Günümüzde mağduriyet kavramı sıkça tartışılan bir olgu haline geldi. Medya ve kamuoyu, bazı olayları abartarak belirli kişileri mağdur olarak gösterme eğiliminde olabiliyor. Ancak gerçek mağdurlar çoğu zaman göz ardı ediliyor, sistemin içinde sessizce ezilip gidiyorlar. Bu durum, özellikle sağlık, adalet ve iş yaşamı gibi kritik alanlarda daha da belirgin hale geliyor.
Son dönemde gündeme gelen stent olayı, bu durumun çarpıcı bir örneği olarak karşımıza çıkıyor. Burada sorumluluk, en zayıf ve en çalışmaya muhtaç kişinin üzerine yıkıldı. Günlerce medya önünde sergilendi, ardından tutuklandı. Oysa olayın ardındaki kararları verenler, sürecin esas sorumluları perde arkasında kaldı.
Sağlık Sistemindeki Çarpıklıklar ve Bireysel Sorumluluk
Sağlık sisteminde işleyiş çoğu zaman karmaşık prosedürlere bağlıdır. Bir hastanın ameliyat olması, gerekli müdahaleyi alması birçok farklı kademedeki onay süreçlerine tabidir. Ancak bu sistemde çalışan düşük seviyeli personel, çoğu zaman kendisini yetkili mercilerin kararlarını uygulamak zorunda hisseder.
Stent olayında da benzer bir süreç işledi.

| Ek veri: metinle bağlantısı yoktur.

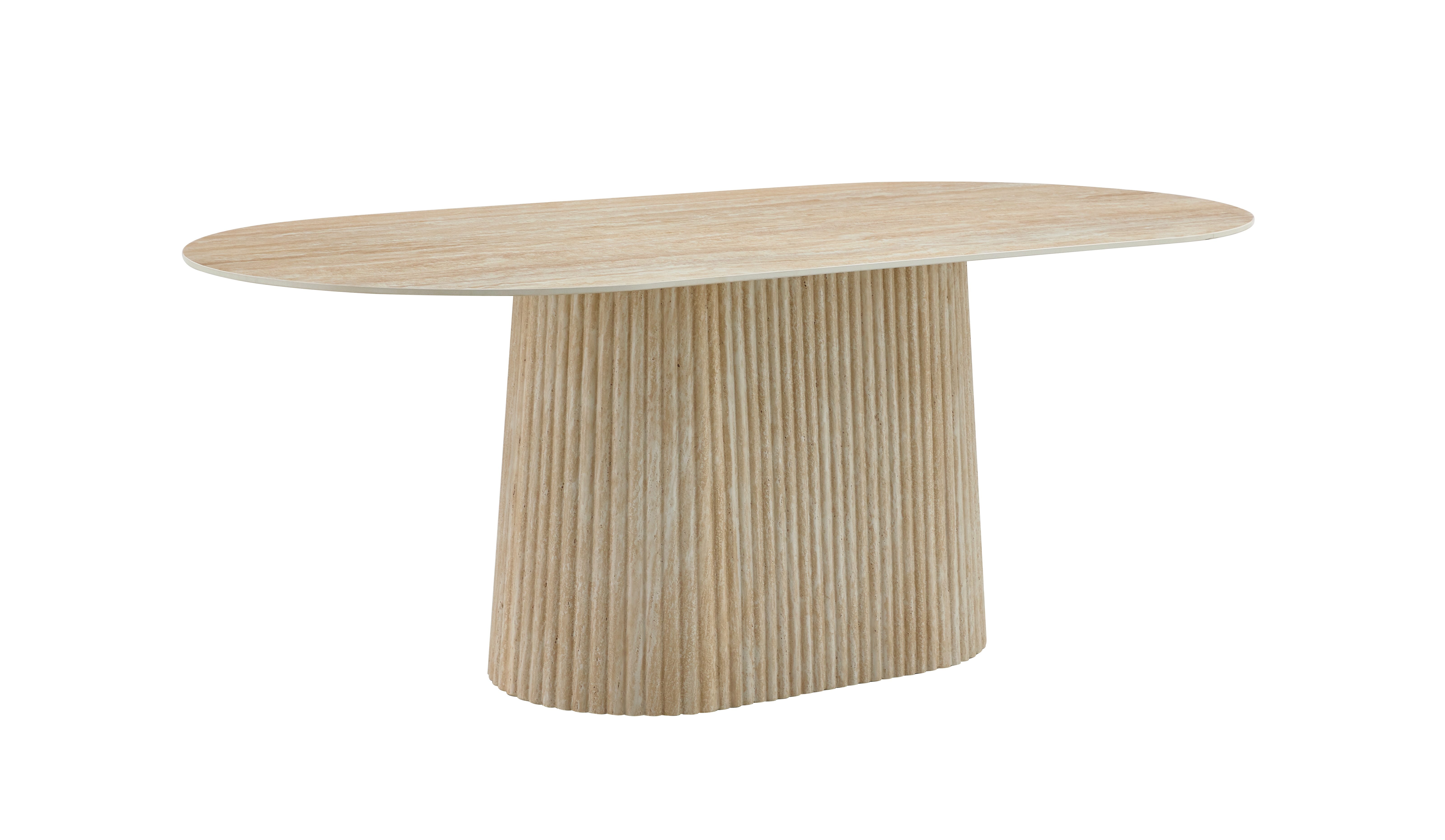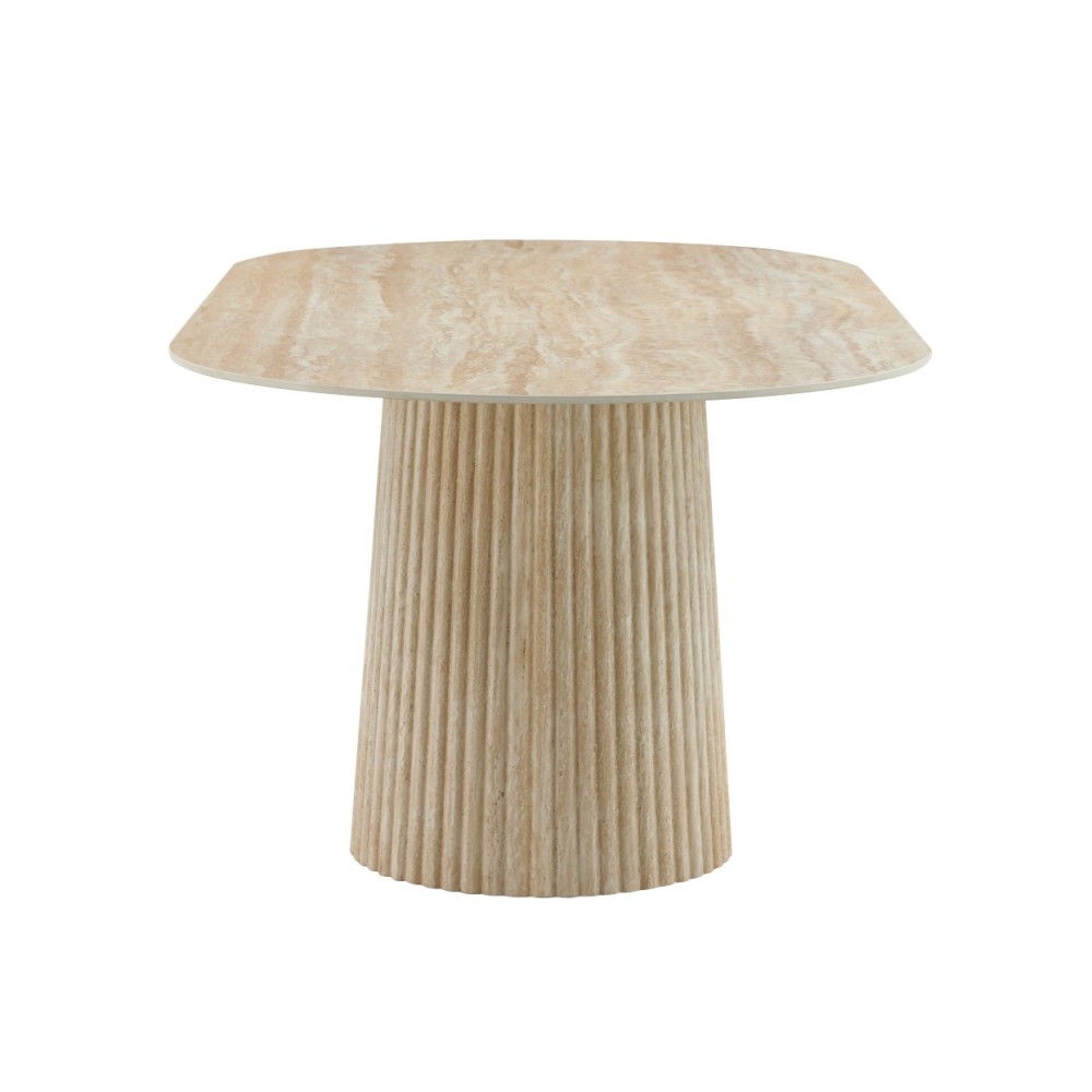 Stenen ovale tafel met centrale poot in een travertin kleur.
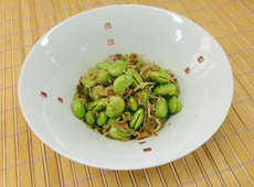 と、ここまでは枝豆をゆでて食べることを主にお話しましたが、枝豆料理については触れていません。枝豆は、季節感を感じられ、歯ごたえがあり、香りと旨みがあって用途の広い豆です。かき揚げにしたり、すりつぶして和え物の衣にしたり、葛粉で練って枝豆豆腐にしたり、白身魚のすり身と混ぜて真薯にしたりと、利用範囲がとても広い食材です。 個人的に好きな枝豆料理は「枝豆のじゃこ炒め」です。作り方はいたって簡単!まず、ゆでた枝豆を莢から取り出しておきます。フライパンに少量の油を入れてなじませ、ちりめんじゃこを炒めます。香ばしくなったところに枝豆を入れて手早く炒め、少量の調味料で味付けします。これだけです。もし気に入ったら作ってみてください。今回、松島先生が紹介してくれました。ちなみに小生はこれに少しマヨネーズを混ぜます。抜群にうまいです。隠れマヨラーですね(笑)

Kararı veren, işlemi gerçekleştiren ve finansal işlemleri yöneten birçok kişi varken, en alt kademede çalışan bir personel bütün sorumluluğu üstlenmek zorunda bırakıldı.
Hastaya stent takılması için ödeme yapılması gerektiğini söyleyen kişi farklı, bu kararı verenler farklı, ancak faturayı ödetmek için ameliyathaneye yönlendirilen kişi bambaşka biriydi. Sonuç olarak, sistemin en zayıf halkası olan maaşlı bir çalışan, olayın bütün yükünü taşımak zorunda kaldı.
Gerçek Mağdurlar Kimlerdir?
Mağduriyet algısı, genellikle medyanın ve siyasetin etkisiyle şekilleniyor. Güçlü bağlantıları olan, siyasete yakın kişiler bir sorun yaşadığında kamuoyunda büyük yankı uyandırırken, sıradan vatandaşların yaşadığı adaletsizlikler genellikle göz ardı ediliyor.
Gerçek mağdur; işinden olan, hayatını kazanmak için mücadele eden ve sistemin altında ezilen insandır. Medyada sunulan mağduriyet hikayeleri çoğu zaman belirli bir algı yönetimi çerçevesinde şekillendirilirken, gerçek mağdurların sesi duyulmaz. Bu noktada siyasetin ve bürokrasinin asli görevi, yalnızca belirli kesimlere değil, her vatandaşa adil bir yaklaşım sunmak olmalıdır.
Adaletin Sağlanması İçin Ne Yapılmalı?
Bu tür olayların önüne geçmek için bireysel değil, sistemsel bir sorgulama yapılması gerekiyor. Gerçek sorumluların hesap vermesi sağlanmalı ve olayların tüm boyutlarıyla ele alınması şarttır. Ayrıca, medya ve kamuoyu algısı yalnızca belirli grupların mağduriyetine odaklanmamalı, adaletin herkes için eşit şekilde işlemesi gerektiği unutulmamalıdır.
Sonuç olarak, mağduriyet algısını oluştururken ve değerlendirirken dikkatli olmak gerekiyor. Gerçek mağdurların sesi duyulmalı, siyasi veya medya desteği olan kişilerin yanı sıra sistemin ezdiği sıradan vatandaşların hakları da korunmalıdır.